Daniele Solcia

Personal information
- Date of birth: 7 March 2001 (age 25)
- Place of birth: Treviglio, Italy
- Height: 1.86 m (6 ft 1 in)
- Position: Centre-back

Team information
- Current team: Sorrento
- Number: 15

Youth career
- Tritium
- 0000–2019: Atalanta

Senior career*
- Years: Team / Apps / (Gls)
- 2019–2025: Atalanta / 0 / (0)
- 2019–2020: → Pontisola (loan) / 25 / (0)
- 2020–2021: → Lucchese (loan) / 22 / (0)
- 2021–2022: → Seregno (loan) / 16 / (1)
- 2022–2023: → Virtus Francavilla (loan) / 25 / (2)
- 2023–2024: → Atalanta U23 (res.) / 21 / (0)
- 2024–2025: → Giugliano (loan) / 32 / (0)
- 2025–: Sorrento / 36 / (0)

= Daniele Solcia =

Italian footballer (born 2001)

Daniele Solcia (born 7 March 2001) is an Italian professional footballer who plays as a centre-back for club Sorrento.

== Career ==
Solcia began his youth career aged five at Tritium, before moving to Atalanta's youth sector.

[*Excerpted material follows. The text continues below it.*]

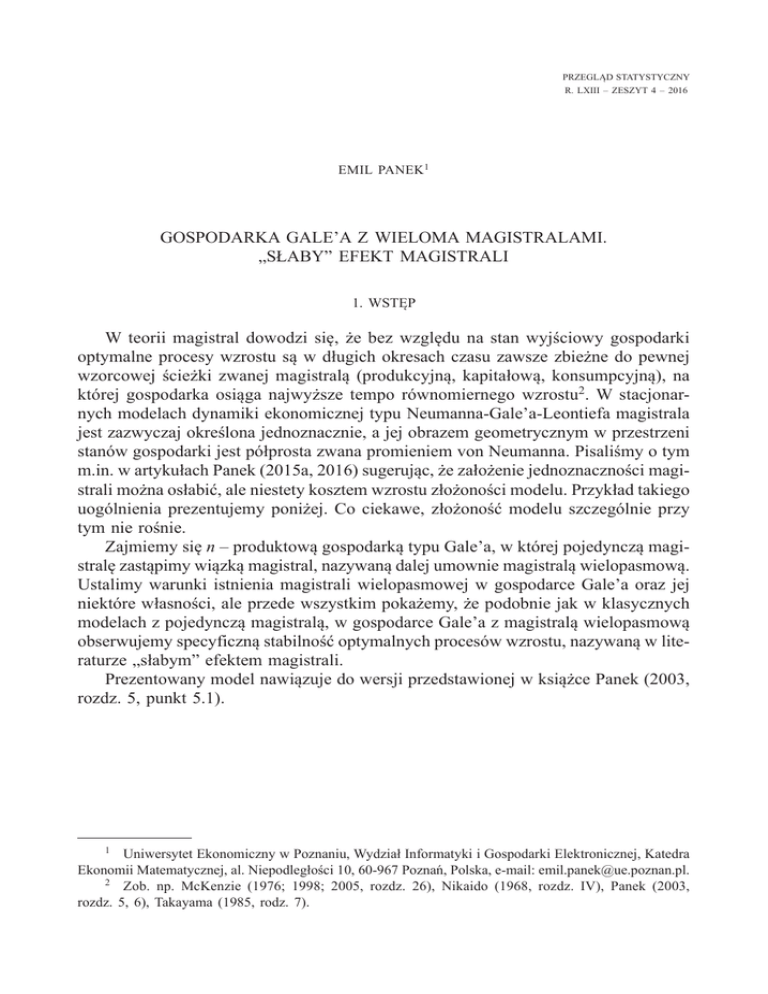 PRZEGLĄD STATYSTYCZNY R. LXIII – ZESZYT 4 – 2016 EMIL PANEK1 GOSPODARKA GALE’A Z WIELOMA MAGISTRALAMI. „SŁABY” EFEKT MAGISTRALI 1. WSTĘP W teorii magistral dowodzi się, że bez względu na stan wyjściowy gospodarki optymalne procesy wzrostu są w długich okresach czasu zawsze zbieżne do pewnej wzorcowej ścieżki zwanej magistralą (produkcyjną, kapitałową, konsumpcyjną), na której gospodarka osiąga najwyższe tempo równomiernego wzrostu2. W stacjonarnych modelach dynamiki ekonomicznej typu Neumanna-Gale’a-Leontiefa magistrala jest zazwyczaj określona jednoznacznie, a jej obrazem geometrycznym w przestrzeni stanów gospodarki jest półprosta zwana promieniem von Neumanna. Pisaliśmy o tym m.in. w artykułach Panek (2015a, 2016) sugerując, że założenie jednoznaczności magistrali można osłabić, ale niestety kosztem wzrostu złożoności modelu. Przykład takiego uogólnienia prezentujemy poniżej. Co ciekawe, złożoność modelu szczególnie przy tym nie rośnie. Zajmiemy się n – produktową gospodarką typu Gale’a, w której pojedynczą magistralę zastąpimy wiązką magistral, nazywaną dalej umownie magistralą wielopasmową. Ustalimy warunki istnienia magistrali wielopasmowej w gospodarce Gale’a oraz jej niektóre własności, ale przede wszystkim pokażemy, że podobnie jak w klasycznych modelach z pojedynczą magistralą, w gospodarce Gale’a z magistralą wielopasmową obserwujemy specyficzną stabilność optymalnych procesów wzrostu, nazywaną w literaturze „słabym” efektem magistrali. Prezentowany model nawiązuje do wersji przedstawionej w książce Panek (2003, rozdz. 5, punkt 5.1). 1 Uniwersytet Ekonomiczny w Poznaniu, Wydział Informatyki i Gospodarki Elektronicznej, Katedra Ekonomii Matematycznej, al. Niepodległości 10, 60-967 Poznań, Polska, e-mail: [email protected]. 2 Zob. np. McKenzie (1976; 1998; 2005, rozdz. 26), Nikaido (1968, rozdz. IV), Panek (2003, rozdz. 5, 6), Takayama (1985, rodz. 7). 356 Emil Panek 2. PRZESTRZEŃ PRODKCYJNA GALE’A. DEFINICJA, WYBRANE WŁASNOŚCI Standardowa n – produktowa przestrzeń produkcyjna Gale’a Z (inaczej: zbiór technologiczny) jest stożkiem wypukłym zawartym w ܴାଶ , z wierzchołkiem w 0. Jego elementami są 2n-wymiarowe wektory ሺݔǡ ݕሻ ሺݔଵ ǡ ǥ ǡ ݔ ǡ ݕଵ ǡ ǥ ǡ ݕ ሻ Ͳ ؤ3, o których mówimy, że opisują dopuszczalne procesy produkcji w gospodarce Gale’a; x – nazywamy wektorem zużycia (nakładów), y – wektorem produkcji (wyników). Zapis ሺݔǡ ݕሻ ܼ אoznacza, że w gospodarce, której technologię opisuje przestrzeń produkcyjna Z, z wektora nakładów x możliwe jest wytworzenie wektora produkcji y. Procesy produkcji podporządkowane są następującym regułom: (G1) ሺݔǡ ݕሻ ߣܼ א Ͳሺߣሺݔǡ ݕሻ ܼ אሻ (warunek proporcjonalności nakładów i wyników), (G2) ൫ ݔ ǡ ݕ ൯ ܼ אǡ ݅ ൌ ͳǡʹ൫ሺ ݔଵ ݔଶ ǡ ݕଵ ݕଶ ሻ ܼ א൯ (warunek addytywności procesów produkcyjnych), (G3) ሺݔǡ ݕሻ ܼ אሺ ݔൌ Ͳ ฺ ݕൌ Ͳሻ (warunek „braku rogu obfitości”), (G4) ሺݔǡ ݕሻ ܼ אሺ ݔᇱ ฺ ݔ ؤሺ ݔᇱ ǡ ݕሻ ܼ אሻ (możliwość marnotrawstwa nakładów), (G5) ሺݔǡ ݕሻ ܼ אሺ ݕᇱ ฺ ݕ أሺݔǡ ݕᇱ ሻ ܼ אሻ (możliwość marnotrawstwa mocy produkcyjnych), (G6) ൫ ݔ ǡ ݕ ൯ ܼ אǡ ݅ ൌ ͳǡʹǡ ǥ ൬൫ ݔ ǡ ݕ ൯ ՜ ሺݔҧ ǡ ݕതሻ ฺ ሺݔҧ ǡ ݕതሻ ܼ א൰ (domkniętość przestrzeni produkcyjnych). Zauważmy, że jeżeli ሺݔǡ ݕሻ ܼ אoraz ሺݔǡ ݕሻ ് Ͳ, to Ͳ ് ݔ. Dalej interesują nas nietrywialne (niezerowe) procesy ሺݔǡ ݕሻ ך ܼ אሼͲሽ . Liczbę ߙሺݔǡ ݕሻ ൌ ሼߙȁߙݕ أ ݔሽ 3 Jeżeli a, b ∈ Rn, to zapis a ≧ b oznacza, że dla każdego i zachodzi: ai ≥ bi. Pisząc a ≥ b rozumiemy, że a ≧ b oraz a ≠ b. Gospodarka Gale’a z wieloma magistralami. „Słaby” efekt magistrali 357 nazywamy wskaźnikiem technologicznej efektywności procesu ሺݔǡ ݕሻ ך ܼ אሼͲሽ . Funkcja α jest ciągła i dodatnio jednorodna stopnia 0 na ܼ ךሼͲሽ . Stąd i z twierdzenia Weierstrassa o istnieniu maksimum funkcji ciągłej na zbiorze zwartym otrzymujemy wniosek, że istnieje rozwiązanie ሺݔҧ ǡ ݕതሻ ך ܼ אሼͲሽ zadania PD[ D [ \ [ \ = ?^` PD[ D [ \ D [ \ ൌ ߙெ , [ \ : gdzie ȳሺͳሻ ൌ ሼሺݔǡ ݕሻ ܼ אȁԡሺݔǡ ݕሻԡ ൌ ͳሽ (tutaj i dalej D ¦D L (1) ).4 Wobec dodatniej L jednorodności stopnia 0 funkcji α rozwiązanie to jest określone z dokładnością do mnożenia przez dowolną stałą dodatnią (z dokładnością do struktury): jeżeli ߙሺݔҧ Ǥ ݕതሻ ൌ PD[ D [ \ ൌ ߙெ , [ \ = ?^` to także ߣ Ͳ ߙሺߣݔҧ Ǥ ߣݕതሻ ൌ PD[ D [ \ ൌ ߙெ . [ \ = ?^` (2) Proces ሺݔҧ ǡ ݕതሻ będący rozwiązaniem zadania (1) nazywamy optymalnym procesem produkcji w gospodarce Gale’a. Liczbę αM nazywamy optymalnym wskaźnikiem technologicznej efektywności produkcji. Oznaczmy przez ܼ௧ ך ܼ ؿሼͲሽ zbiór wszystkich optymalnych procesów produkcji: ܼ௧ ൌ ሼሺݔҧ ǡ ݕതሻ ך ܼ אሼͲሽȁȽሺݔҧ ǡ ݕതሻ ൌ ߙெ ሽ. O jego kształcie mówi poniższe twierdzenie. □ Twierdzenie 1. Przy założeniach (G1) – (G6) zbiór Zopt jest stożkiem wypukłym nie zawierającym 0. Dowód. Weźmy dowolną parę optymalnych procesów ൫ݔҧ ǡ ݕത ൯ ܼ א௧ , i = 1, 2, oraz takie liczby ߣଵ ǡ ߣଶ Ͳ, że ߣଵ ߣଶ Ͳ . Niech ሺݔҧ ǡ ݕതሻ ൌ ߣଵ ሺݔҧ ଵ ǡ ݕതଵ ሻ ߣଶ ሺݔҧ ଶ ǡ ݕത ଶ ሻ . Wówczas ሺݔҧ ǡ ݕതሻ ך ܼ אሼͲሽ, czyli ߙሺݔҧ Ǥ ݕതሻ ߙெ . 4 (3) Zob. np. Panek (2003, tw. 5.2). Zbiór ȳሺͳሻ jest zwarty. W twierdzeniu 5.2 zamiast niego mamy (też zwarty) zbiór ܳ ൌ ሼሺݔǡ ݕሻ ܼ אȁԡሺݔǡ ݕሻԡ ൌ ͳሽ). 358 Emil Panek Z założenia ߙሺݔҧ ଵ ǡ ݕതଵ ሻ ൌ ߙሺݔҧ ଶ ǡ ݕത ଶ ሻ ൌ ߙெ , więc ߙெ ݔҧ ଵ ݕ أത ଵ

On 22 July 2019, Solcia was sent on loan to Serie D side Pontisola, where he played 25 league games. On 1 September 2020, Solcia joined Serie C club Lucchese on loan. He made his professional debut on 27 September 2020, in a 3–3 home draw to Pergolettese.

On 31 July 2021, Solcia moved to newly promoted Serie C side Seregno on a one-year loan. On 2 July 2022, Solcia was loaned to Virtus Francavilla. On 25 July 2024, Solcia joined Giugliano on loan.

On 1 August 2025, Solcia signed with Sorrento in Serie C on a permanent basis.

== Style of play ==
A versatile defender, Solcia mainly plays as a centre-back, both on the right and on the left, and can also be used as a full-back.